5 Everyday Ways to Help Your Kids See Jesus: Quina Aragon
Quina: Maybe when Jael my daughter was a little bit younger but when we had more time to take walks together, but if you’re in a place where you can take a walk I love doing this with little kids. “You see that tree over there? See that bird?” and depending on the age it might just be, “Who do you think made that?” Who made that? When you see an item whether it’s maybe you see a bird or whatever, do you know a story in the Bible that’s like that? And it kind of always goes back to storytelling.

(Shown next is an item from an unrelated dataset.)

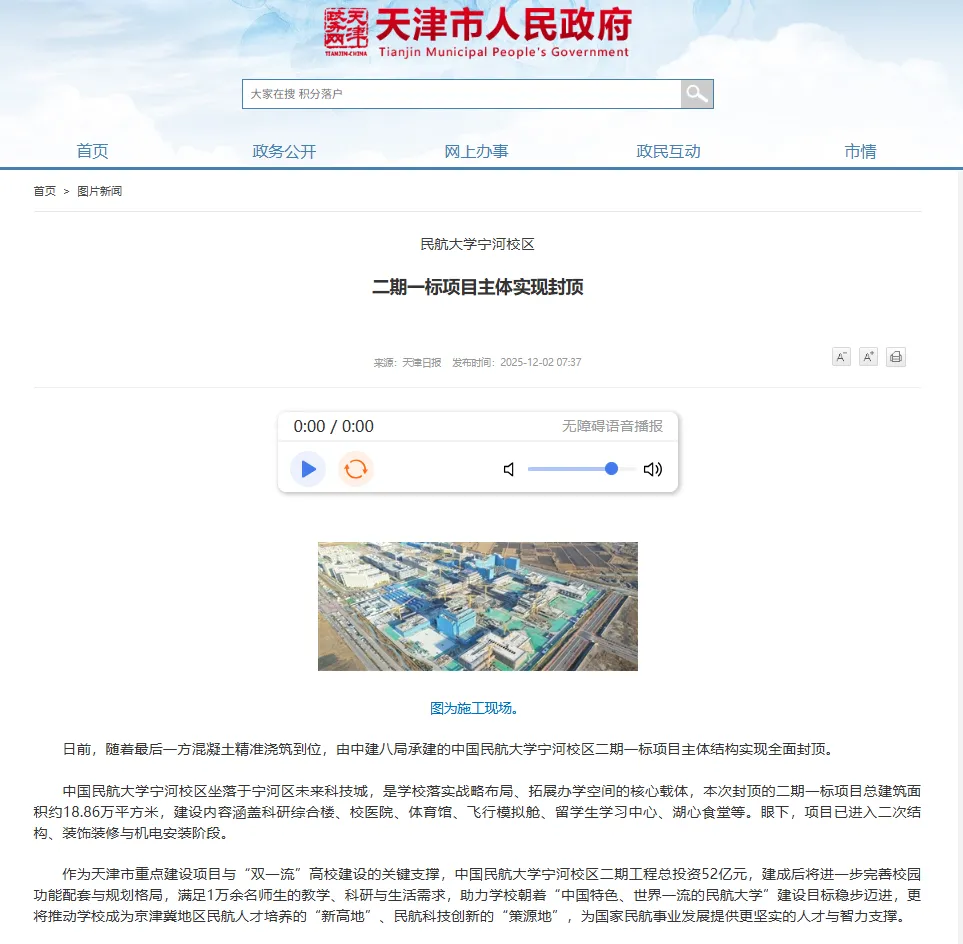 近期,據天津人民政府官網消息,中國民航大學寧河校區二期一標項目主體結構實現全面封頂。該工程總投資52億元,總建筑面積約18.86萬平方米。

Shelby: Welcome to FamilyLife Today, where we want to help you pursue the relationships that matter most. I’m Shelby Abbott and your hosts are Dave and Ann Wilson. You can find us at FamilyLifeToday.com or on the FamilyLife® app.
Ann: This is FamilyLife
Ann: We’re going to talk about ways Christian parents can help their children find Jesus and grow. This is a big thing because as a parent we’re like, “How do I do this? I want to do this. I feel like I’m failing. I feel like culture is pressing in on our family. How can we bring Jesus into our home in a way that our kids are like, ‘What are we doing?’” [Laughter]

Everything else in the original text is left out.